Chapter 1 Basic Concept and Statistic (Section on Jan 27th)

Population and Sample

Definition 1.1 (Population) Population is defined as a complete collection of all elements that are of interest.
Definition 1.2 (Sample) Sample is defined as a sub-collection of members from part of the population. Normally collected using a random method.
Example 1.1 Suppose one researcher is interested in the weight of deers in our campus. She got the weights for 10 deers living in our campus. Then all deers live in our campus is the population for this experiment and the 10 deers forms the sample.

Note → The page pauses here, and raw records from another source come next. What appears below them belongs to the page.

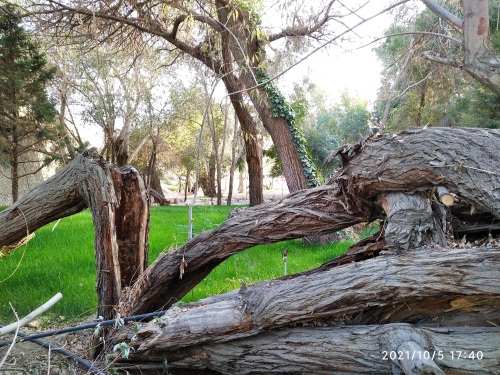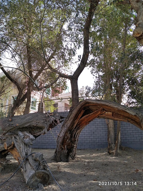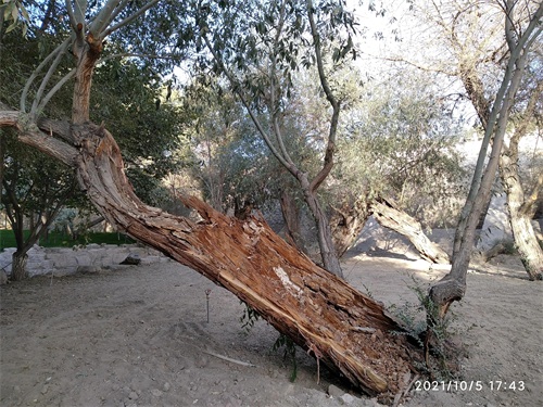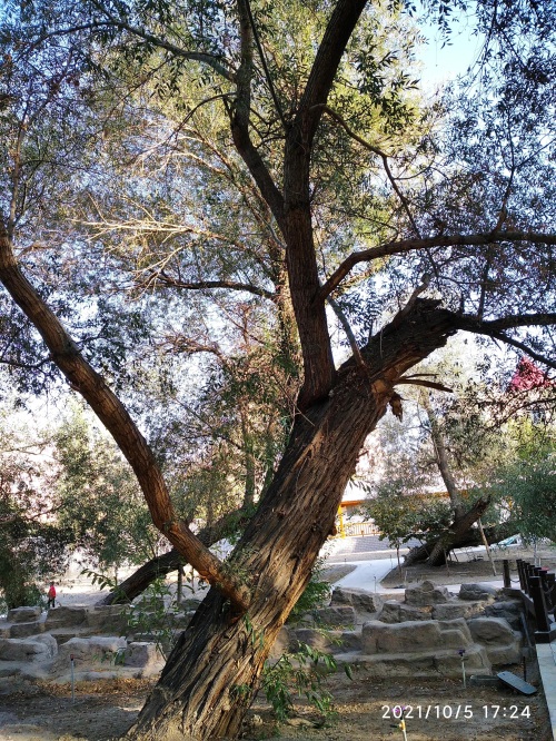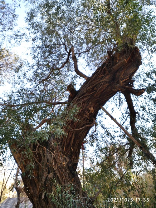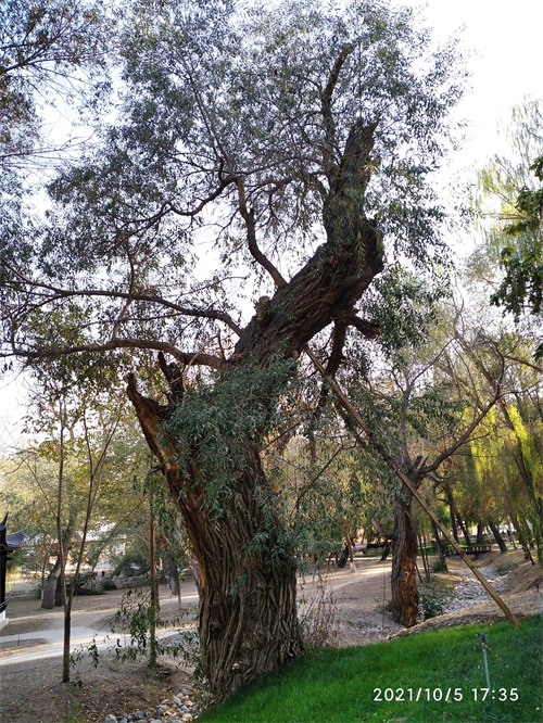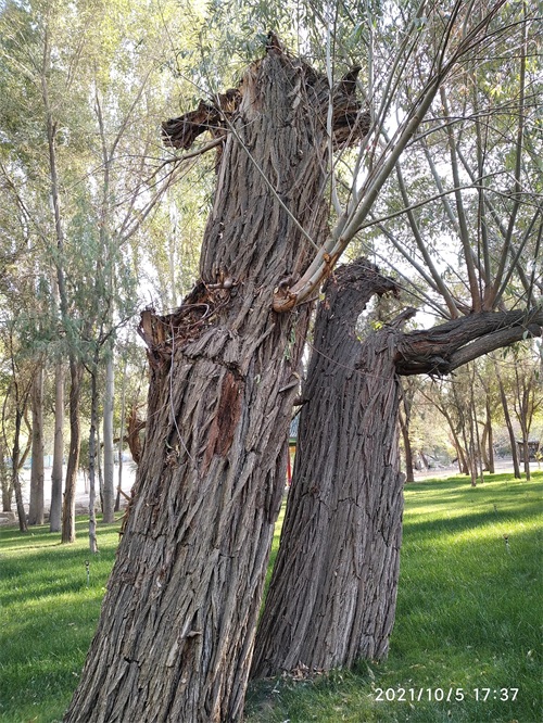 今天,在哈密人民公园内见到了左公柳,但是否是150年前左宗棠亲手所植已无从可查,但见一棵棵包含年轮,深之又深花纹的左公柳,诉说岁月如梭,曾经的沧桑;硕大的身躯,已支撑不住自己的身体,但它依然顽强挺立着,在讲述着曾经经历过的风吹雨打。
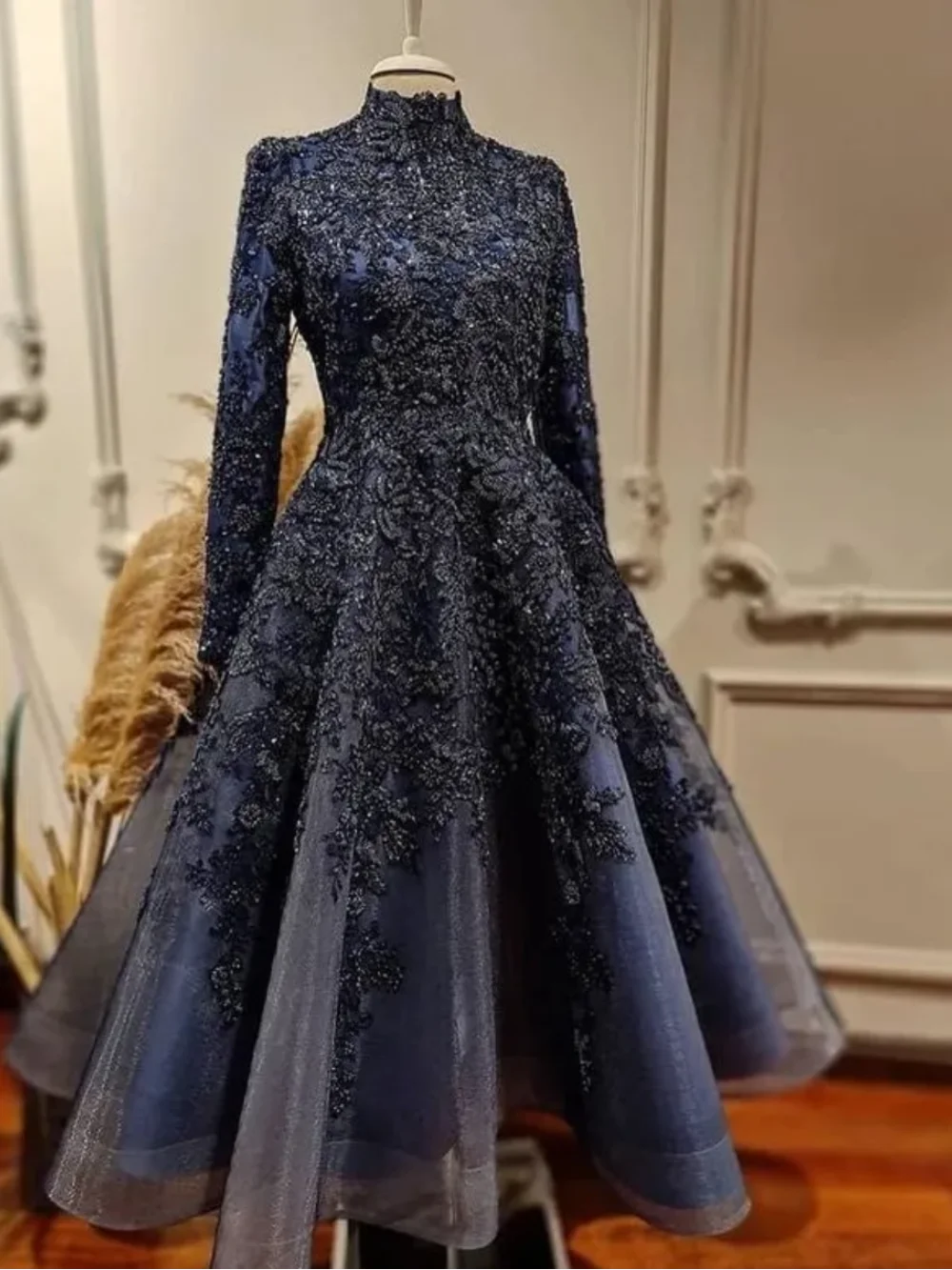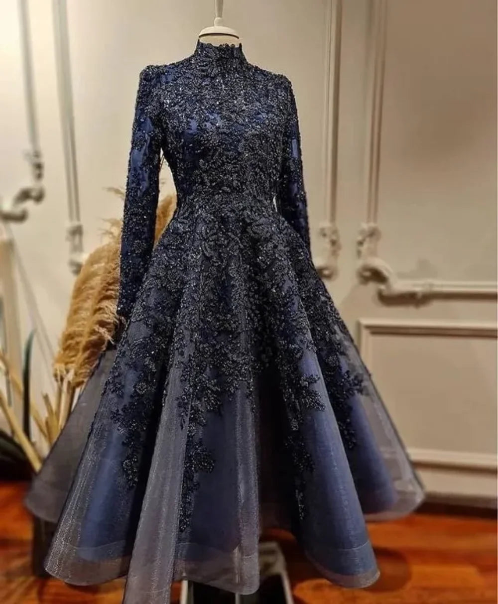 This exquisite evening dress is made with high-quality materials and is designed to highlight your curves beautifully. The lace details add a touch of opulence, making it perfect for any formal occasion.
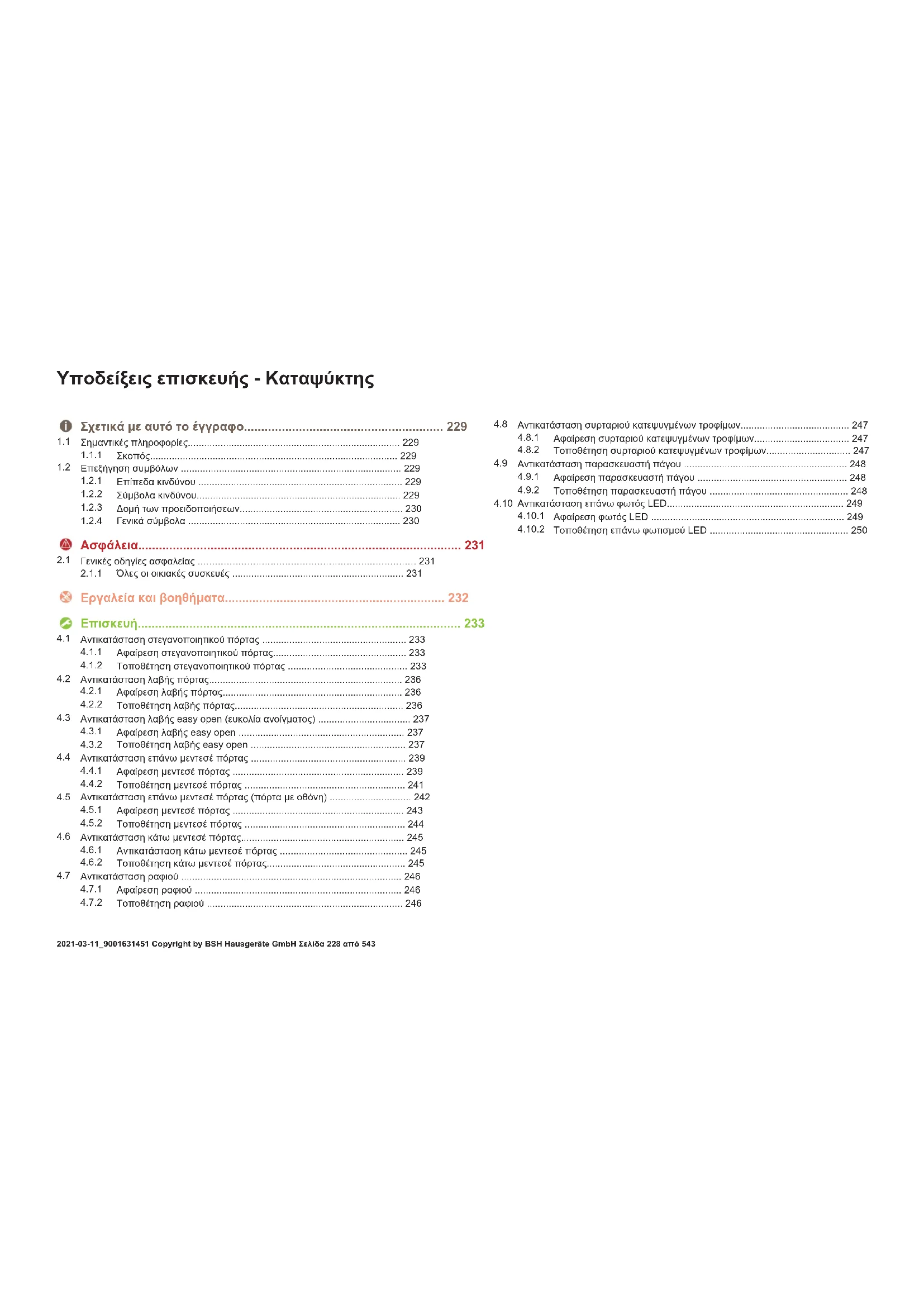 Τοποθέτηση επάνω φωτισμού LED ...................................................250 Yποδείξεις επισκευής-Καταψύκτης 2021-03-11_9001631451 Copyright by BSH Hausgeräte GmbH Σελίδα228από543Σχετικά με αυτό το έγγραφο

Which one is larger? Population or sample?

Answer: Population

Parameters and Statistics

Definition 1.3 (Parameter) Parameter is a numerical measurement describing some characteristic of the population.
Definition 1.4 (Statistic) Statistic is a numerical measurement describing some characteristic of sample that is a proxy of the parameter.
Example 1.2 Consider the deer example again. The researcher may interested in the mean of weight, spread of weight (usuanlly measured by standard deviation and variance) and proportion of deers with small weight, of the whole population. In statistics, we denote these four quantities as \(\mu\), \(\sigma\), \(\sigma^2\) and \(p\), respectively. These are all unknown but fixed numbers (from frequentists point of view). Our goal as a statistician is to ESTIMATE these quantities of interest using information we collect from samples. For example, in this example we may use sample mean, sample standard deviation, sample variance and sample proportion of deers with smaller weight. Usually these quantities are denoted as \(\bar{x},s,s^2\) and \(\hat{p}\). When we collected sample, these are all known quantities.

How does a parameter and statistic relate to each other?

Answer: A sample statistic is an estimation/approximation of the population parameter.

Variable Types

There are mainly two categories of variables, each of them can be devided into two sub-groups.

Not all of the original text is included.